Navient, the nation’s third-largest student-loan servicer, has been chastised for its customer service and is fighting lawsuits from the U.S. government, schoolteachers and multiple state attorneys general who say the Wilmington, Del.-based company routinely has mistreated customers.
Now Navient is contending with critics on a new front — shareholders.
Noting that the company’s performance has lagged the stock market, activist hedge fund Canyon Partners last year offered to buy Navient and take it private.
Navient refused, and Canyon threatened a proxy battle, building up a stake of about 10 percent of the company’s shares.
Instead, the two sides agreed last month to a cease-fire and jointly nominated two new directors. Navient’s board slate is expected to be approved at its annual meeting Thursday.

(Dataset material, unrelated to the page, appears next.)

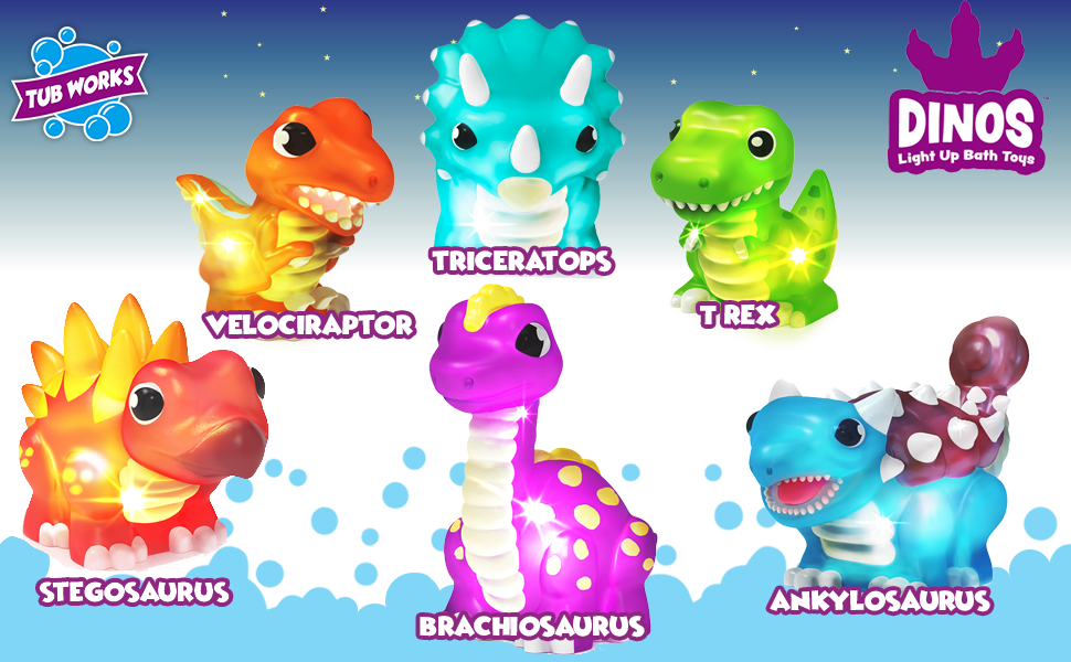 DINOSAUR BATH TOYS 6 PACK: Includes (6) exclusive light up bath toys featuring popular dinos - T-Rex, Triceratops, Ankylosaurus, Brachiosaurus, Stegosaurus & Velociraptor - must-have kids bath toys!

The maneuvering raises many questions, among them: Will Navient change? And how will borrowers fare?
One clue comes from Navient CEO John “Jack” Remondi, who asserted during the public battle that Canyon’s approach likely would lead to lower servicing quality, more delinquencies and defaults, and more intense regulatory scrutiny.
Under Remondi, Navient expanded into collections of local and state government tax receipts, health care bills and other consumer debts.
But Canyon wants Navient to quit making acquisitions that it says perform poorly and to stick with student loans, which it accuses the company of neglecting.